Cross-Modal Attention Network with Dual Graph Learning in Multimodal Recommendation

Multimedia recommendation systems leverage user-item interactions and multimodal information to capture user preferences, enabling more accurate and personalized recommendations.
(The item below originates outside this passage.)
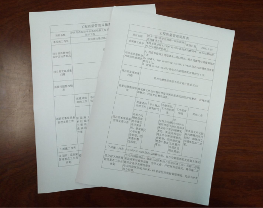 項目部接收質(zhì)量管理交底,并承諾貫徹執(zhí)行。現(xiàn)各項目已按交底要求開展相關(guān)工作,并開始上報質(zhì)量管理工作周報等報表,公司可及時掌握各項目質(zhì)量管理動態(tài),有針對性的調(diào)度各項目部質(zhì)量管理工作,有效提高了公司質(zhì)量管理監(jiān)管的力度。

Despite notable advancements, existing approaches still face two critical limitations: first, shallow modality fusion often relies on simple concatenation, failing to exploit rich synergic intra- and inter-modal relationships; second, asymmetric feature treatment-where users are only characterized by interaction IDs while items benefit from rich multimodal content-hinders the learning of a shared semantic space. To address these issues, we propose a Cross-modal Recursive Attention Network with dual graph Embedding (CRANE). To tackle shallow fusion, we design a core Recursive Cross-Modal Attention (RCA) mechanism that iteratively refines modality features based on cross-correlations in a joint latent space, effectively capturing high-order intra- and inter-modal dependencies. For symmetric multimodal learning, we explicitly construct users' multimodal profiles by aggregating features of their interacted items. Furthermore, CRANE integrates a symmetric dual-graph framework-comprising a heterogeneous user-item interaction graph and a homogeneous item-item semantic graph-unified by a self-supervised contrastive learning objective to fuse behavioral and semantic signals. Despite these complex modeling capabilities, CRANE maintains high computational efficiency. Theoretical and empirical analyses confirm its scalability and high practical efficiency, achieving faster convergence on small datasets and superior performance ceilings on large-scale ones. Comprehensive experiments on four public real-world datasets validate an average 5% improvement in key metrics over state-of-the-art baselines.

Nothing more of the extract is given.